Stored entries
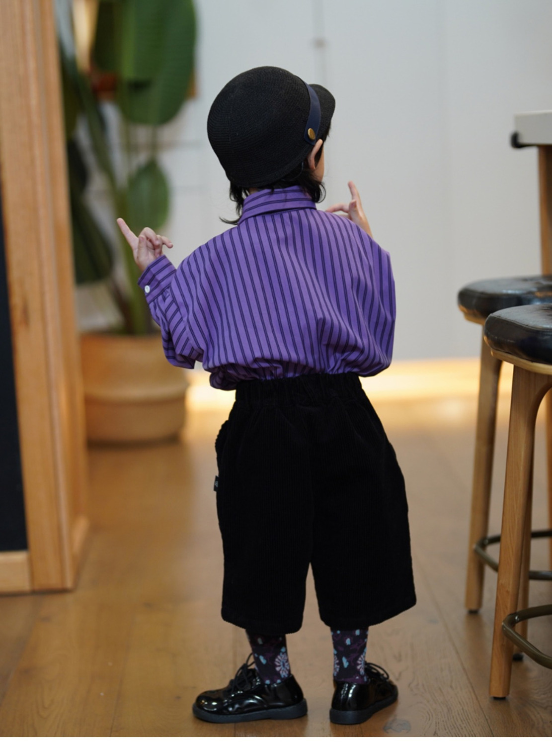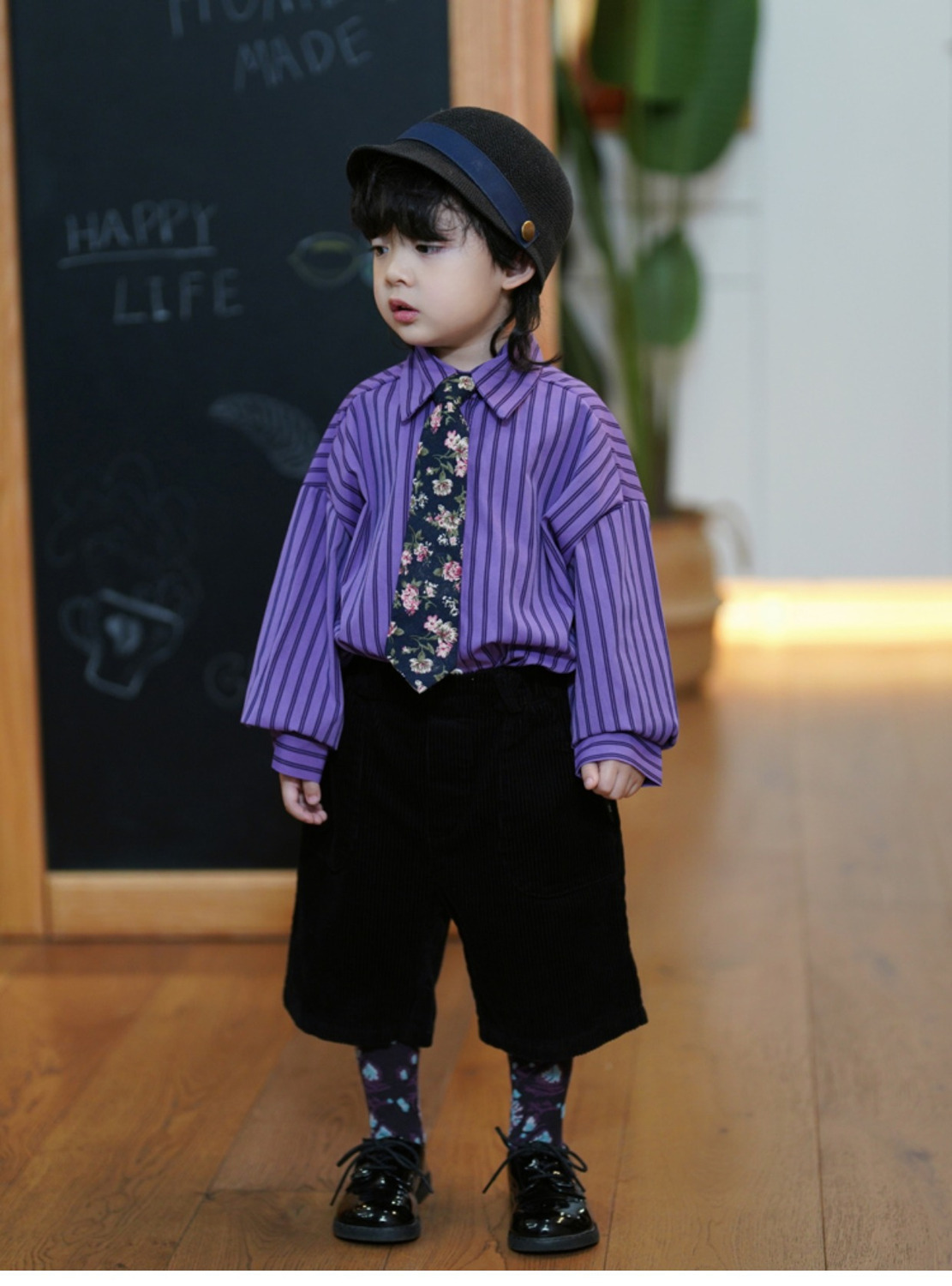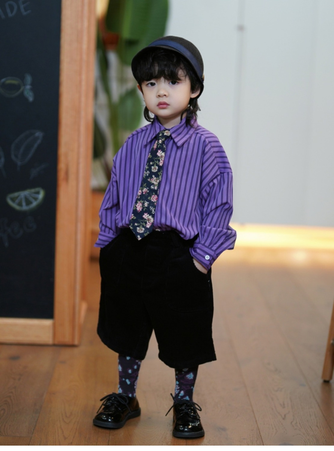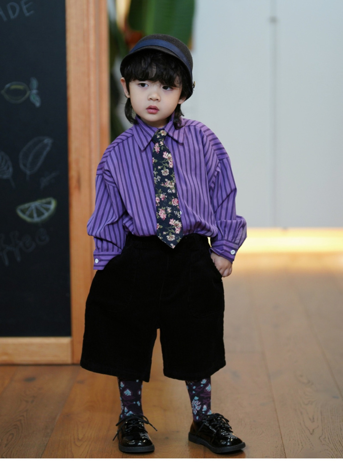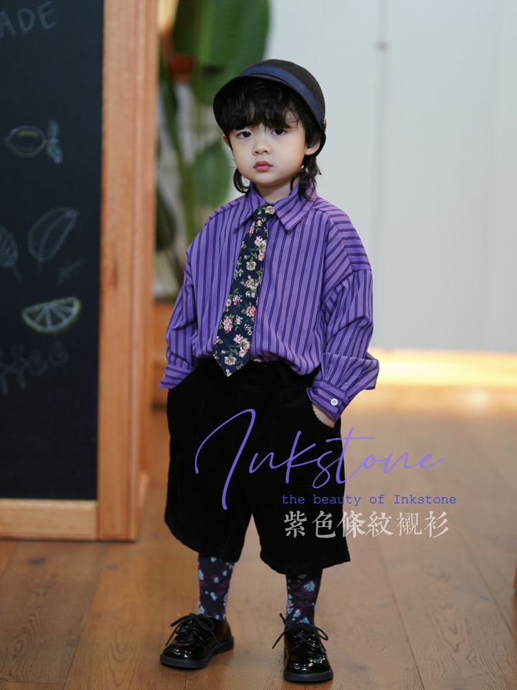 소년 가을 정장 2023 새로운 아기 소년 보라색 긴팔 셔츠 다목적 코듀로이 7 팬츠 투피스 세트스토어 가기
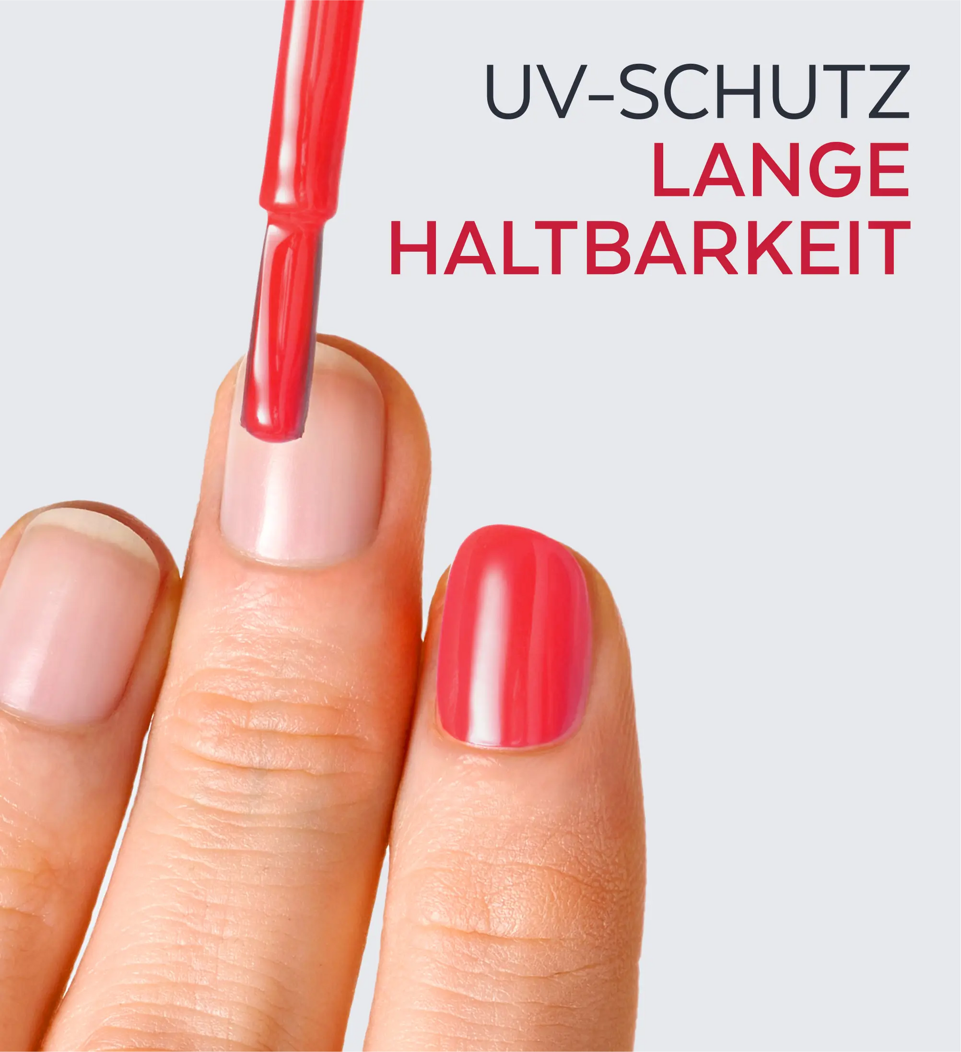 Die Lacke Color Care und Color Strong bieten UV-Schutz, um Ihre Nägel und die Haut unter den Nägeln vor Schäden durch Sonneneinstrahlung zu schützen (außer Top, Base, Gloss Vitality und Gloss Éclat).
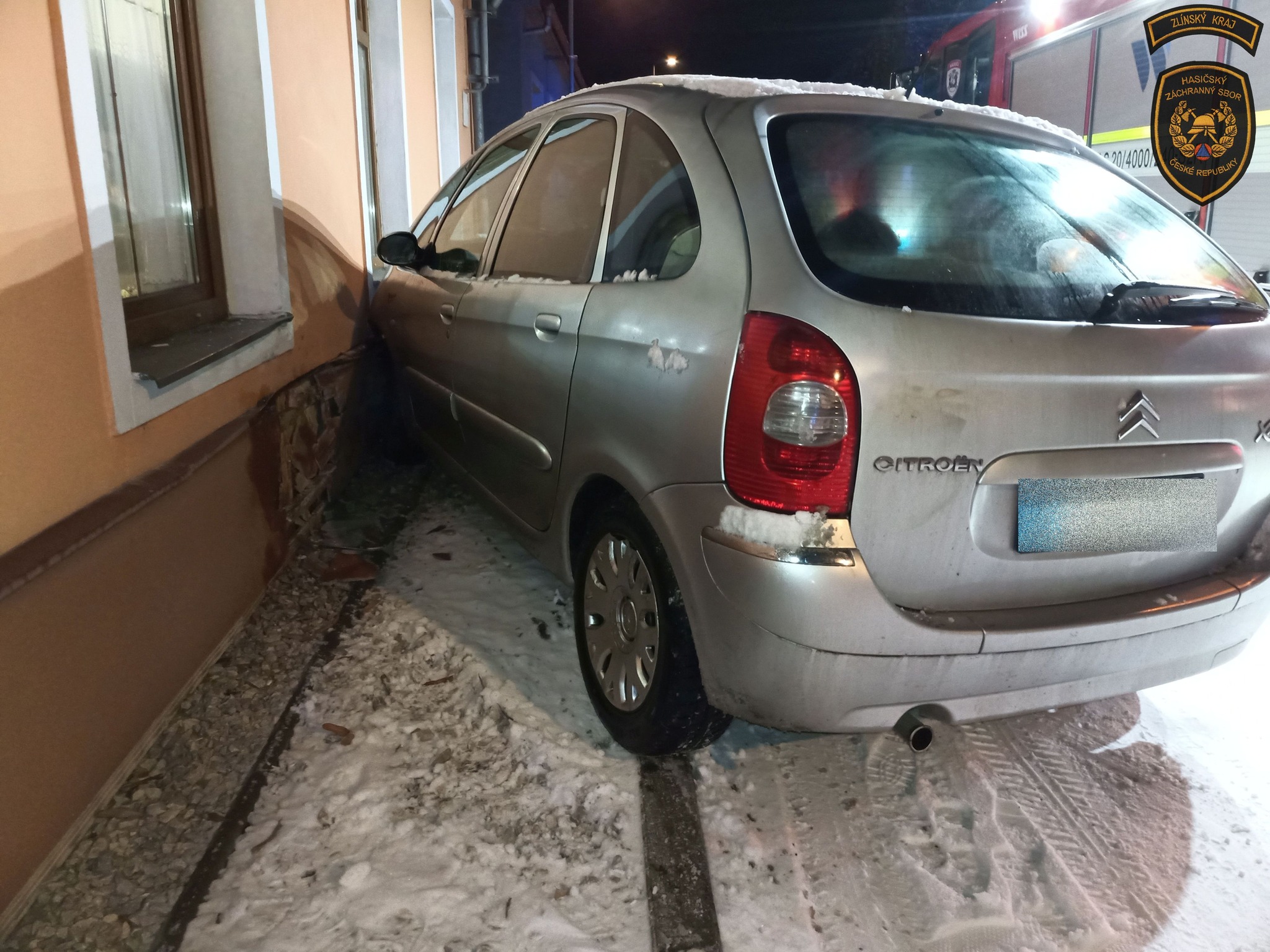 U čtvrté nehody zasahovali profesionální hasiči z Uherského Hradiště ve středu ráno v Buchlovicích, kde v ulici Tyršova skončilo vozidlo ve stěně rodinného domu.
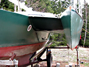 I subscribe to the philosophy that sailors should do all they readily can to prepare for bad conditions, even if the likelihood of needing the preparation is quite small. I should never have read Heavy Weather Sailing and similar books because I now visualize situations that are very unlikely for a cautious coastal sailor. In particular, the likelihood of a huge wave breaking over the stern of my 26’ Norman Cross Trimaran as I day-sail in Northumberland Strait is just about nil. Still, I want to make the step into the cabin high enough to reduce the risk of the water going below, and have the water that fills the cockpit drain out quickly enough to let the boat rise over the next breaking wave.
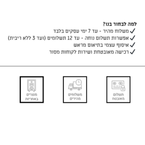 משלוח חינם מעל הזמנה של 150 לכל הארץ!!
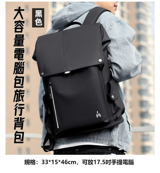 【黑色】大容量簡約電腦包 雙肩包 旅行背包 書包 防潑水背囊 型格背包 運動背囊 商務背囊 戶外背囊 休閒背包
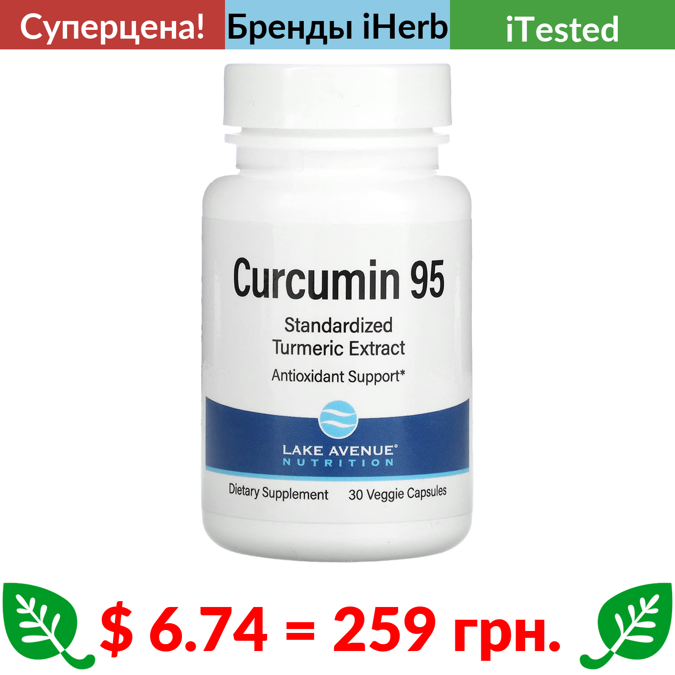 $ 6.74 = 259 грн. ???? cуперакція! ???? Lake Avenue Nutrition, куркумин 95, 500 мг, 30 вегетарианских капсул
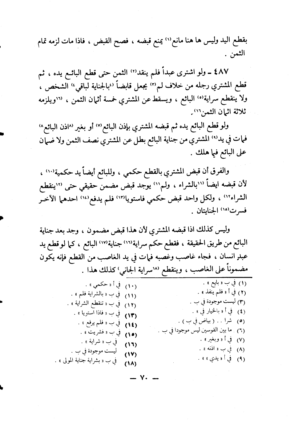 487 - وَلَوْ اشْتَرَى عَبْدًا فَلَمْ يَنْقُدْ الثَّمَنَ حَتَّى قَطَعَ الْبَائِعُ يَدَهُ، ثُمَّ قَطَعَ الْمُشْتَرِي رِجْلَهُ مِنْ خِلَافٍ لَمْ يُجْعَلْ قَابِضًا بِالْجِنَايَةِ لِبَاقِي الشَّخْصِ، وَلَا يَنْقَطِعُ سِرَايَةُ الْبَائِعِ، وَيَسْقُطُ عَنْ الْمُشْتَرِي خَمْسَةُ أَثْمَانِ الثَّمَنِ، وَيَلْزَمُهُ ثَلَاثَةُ أَثْمَانِ الثَّمَنِ.
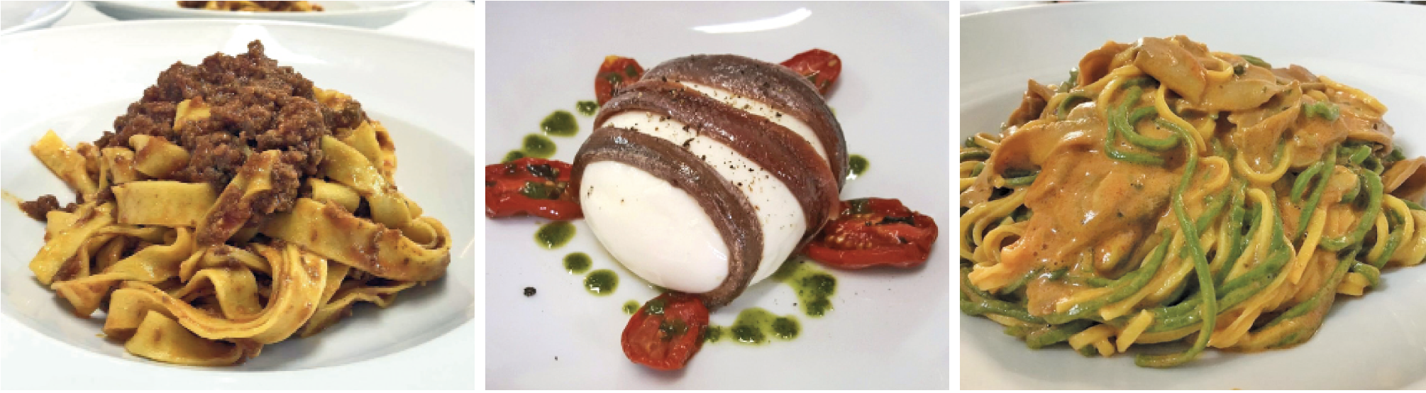 Tornando al cuore del Ristorante Anna e quindi alla sua cucina, tra le proposte troviamo i classici primi piatti come paglia e fieno ai funghi; le tagliatelle, asparagi e salsiccia; i tagliolini prosciutto e piselli e le classiche tagliatelle al ragù. Tra le paste ripiene sono da segnalare i tortelli di patate al formaggio di fossa; i tortelloni panna e prosciutto e i classici cappelletti sia nella versione in brodo che al ragù. In autunno, a seconda della disponibilità, troviamo abbinamenti con il tartufo e con i funghi come i cappelletti in brodo e tartufo o le tagliatelle ai porcini.

- [Task to carry out]: Write out the data word for word. Any picture is to be skipped.

- [Result]:
 소년 가을 정장 2023 새로운 아기 소년 보라색 긴팔 셔츠 다목적 코듀로이 7 팬츠 투피스 세트스토어 가기
 Die Lacke Color Care und Color Strong bieten UV-Schutz, um Ihre Nägel und die Haut unter den Nägeln vor Schäden durch Sonneneinstrahlung zu schützen (außer Top, Base, Gloss Vitality und Gloss Éclat).
 U čtvrté nehody zasahovali profesionální hasiči z Uherského Hradiště ve středu ráno v Buchlovicích, kde v ulici Tyršova skončilo vozidlo ve stěně rodinného domu.
 I subscribe to the philosophy that sailors should do all they readily can to prepare for bad conditions, even if the likelihood of needing the preparation is quite small. I should never have read Heavy Weather Sailing and similar books because I now visualize situations that are very unlikely for a cautious coastal sailor. In particular, the likelihood of a huge wave breaking over the stern of my 26’ Norman Cross Trimaran as I day-sail in Northumberland Strait is just about nil. Still, I want to make the step into the cabin high enough to reduce the risk of the water going below, and have the water that fills the cockpit drain out quickly enough to let the boat rise over the next breaking wave.
 משלוח חינם מעל הזמנה של 150 לכל הארץ!!
 【黑色】大容量簡約電腦包 雙肩包 旅行背包 書包 防潑水背囊 型格背包 運動背囊 商務背囊 戶外背囊 休閒背包
 $ 6.74 = 259 грн. ???? cуперакція! ???? Lake Avenue Nutrition, куркумин 95, 500 мг, 30 вегетарианских капсул
 487 - وَلَوْ اشْتَرَى عَبْدًا فَلَمْ يَنْقُدْ الثَّمَنَ حَتَّى قَطَعَ الْبَائِعُ يَدَهُ، ثُمَّ قَطَعَ الْمُشْتَرِي رِجْلَهُ مِنْ خِلَافٍ لَمْ يُجْعَلْ قَابِضًا بِالْجِنَايَةِ لِبَاقِي الشَّخْصِ، وَلَا يَنْقَطِعُ سِرَايَةُ الْبَائِعِ، وَيَسْقُطُ عَنْ الْمُشْتَرِي خَمْسَةُ أَثْمَانِ الثَّمَنِ، وَيَلْزَمُهُ ثَلَاثَةُ أَثْمَانِ الثَّمَنِ.
 Tornando al cuore del Ristorante Anna e quindi alla sua cucina, tra le proposte troviamo i classici primi piatti come paglia e fieno ai funghi; le tagliatelle, asparagi e salsiccia; i tagliolini prosciutto e piselli e le classiche tagliatelle al ragù. Tra le paste ripiene sono da segnalare i tortelli di patate al formaggio di fossa; i tortelloni panna e prosciutto e i classici cappelletti sia nella versione in brodo che al ragù. In autunno, a seconda della disponibilità, troviamo abbinamenti con il tartufo e con i funghi come i cappelletti in brodo e tartufo o le tagliatelle ai porcini.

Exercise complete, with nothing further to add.